GitHub Actions solves this without requiring a server, a cron job on a remote machine, or any DevOps infrastructure. A workflow file in the repository defines when and how the script runs. Everything else is handled by GitHub.

This guide covers setting up a Python script for automated execution, creating a workflow that triggers on push or a schedule, saving output files as downloadable artefacts, and optionally routing results to cloud storage or email.

What this covers:

  • Structuring a Python script and repository for GitHub Actions

  • Creating a workflow that triggers on push and on a schedule

  • Installing dependencies and running the script in the workflow

  • Saving output files as build artefacts

  • Optional: uploading results to Google Drive or sending via email


What Gets Built

By the end of this guide, a GitHub repository will:

  • Run a Python script automatically on every push to main

  • Run the same script on a daily schedule using a cron expression

  • Install any required dependencies before each run

  • Save output files (CSVs, logs, reports) as downloadable artefacts from the Actions tab

Practical use cases this covers: daily web scraping, scheduled report generation, data cleaning pipelines, and any recurring task currently run by hand.


Step 1: Prepare the Python Script

The script needs to run cleanly from the command line with no interactive input. A minimal example that writes output to a file:

# main.py
import datetime

now = datetime.datetime.now()
print(f"Script executed at: {now}")

with open("output.txt", "w") as f:
    f.write(f"Last run: {now}\n")
    f.write("This file was generated by GitHub Actions.")
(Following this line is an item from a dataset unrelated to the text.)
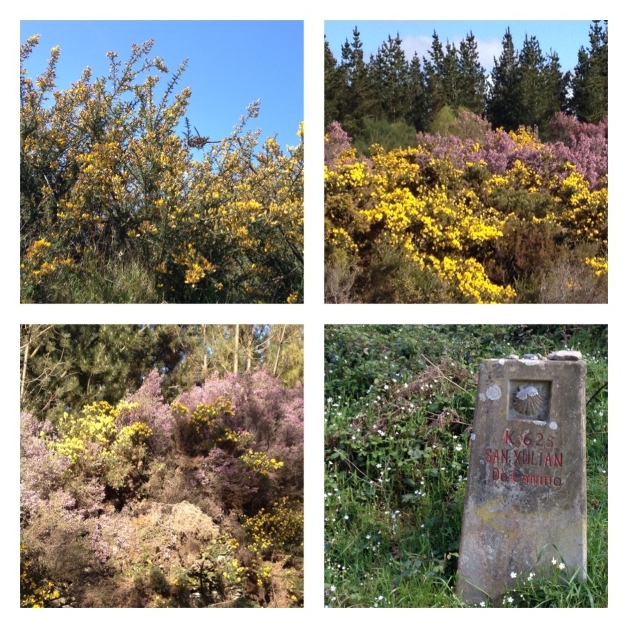 Parecía el día de las flores. Están por todas partes, especialmente unas de color amarillo. He preguntado a una señora y me ha dicho que era «toxo». He buscado después y en castellano es tojo. Parece ser la flor más característica de Galicia e incluso existe el dicho «O toxo sempre está en flor en Galicia». El motivo es que hay tres variedades de «toxo» y cada una florece en una época diferente del año. Por eso en todo momento se encuentran flores amarillas en el campo.

If the script has dependencies, list them in requirements.txt:

requests==2.31.0
pandas==2.1.0

Pinning versions in requirements.txt ensures the workflow installs exactly the same library versions every run, which prevents dependency updates from silently breaking the script.


Step 2: Push the Repository to GitHub

The repository structure before adding the workflow:

your-repo/
├── main.py
├── requirements.txt
└── .github/
    └── workflows/

Create the .github/workflows/ directory now. The workflow file added in the next step goes there.


Step 3: Create the Workflow File

Create .github/workflows/run-python.yml with the following content:

name: Run Python Script

on:
  push:
    branches:
      - main
  schedule:
    - cron: '0 8 * * *'  # Runs every day at 8:00 AM UTC

jobs:
  run-script:
    runs-on: ubuntu-latest

    steps:
      - name: Checkout Code
        uses: actions/checkout@v4

      - name: Set Up Python
        uses: actions/setup-python@v5
        with:
          python-version: '3.11'

      - name: Install Dependencies
        run: |
          pip install --upgrade pip
          pip install -r requirements.txt

      - name: Run Python Script
        run: python main.py

      - name: Upload Output File
        uses: actions/upload-artifact@v4
        with:
          name: script-output
          path: output.txt

What this workflow does, step by step:

  • Triggers on every push to main and once daily at 08:00 UTC

  • Checks out the repository code onto the runner

  • Installs Python 3.11

  • Upgrades pip and installs the dependencies from requirements.txt

  • Runs main.py

  • Uploads output.txt as a named artefact available for download

The cron expression '0 8 * * *' means: minute 0, hour 8, every day of the month, every month, every day of the week. Adjusting the hour and minute values changes when it runs. GitHub uses UTC, so account for the offset from your local timezone.

Note: GitHub Actions does not guarantee exact cron timing under high load. Scheduled runs may be delayed by several minutes but will not be skipped.


Step 4: View and Download Artefacts

After the workflow runs:

  1. Open the repository on GitHub and click the Actions tab

  2. Select the workflow run from the list

  3. Scroll to the Artefacts section at the bottom of the run summary

  4. Click the artefact name to download it

GitHub retains artefacts for 90 days by default. For output that needs to persist longer or be accessible outside of GitHub, the optional steps below cover routing results to cloud storage or email.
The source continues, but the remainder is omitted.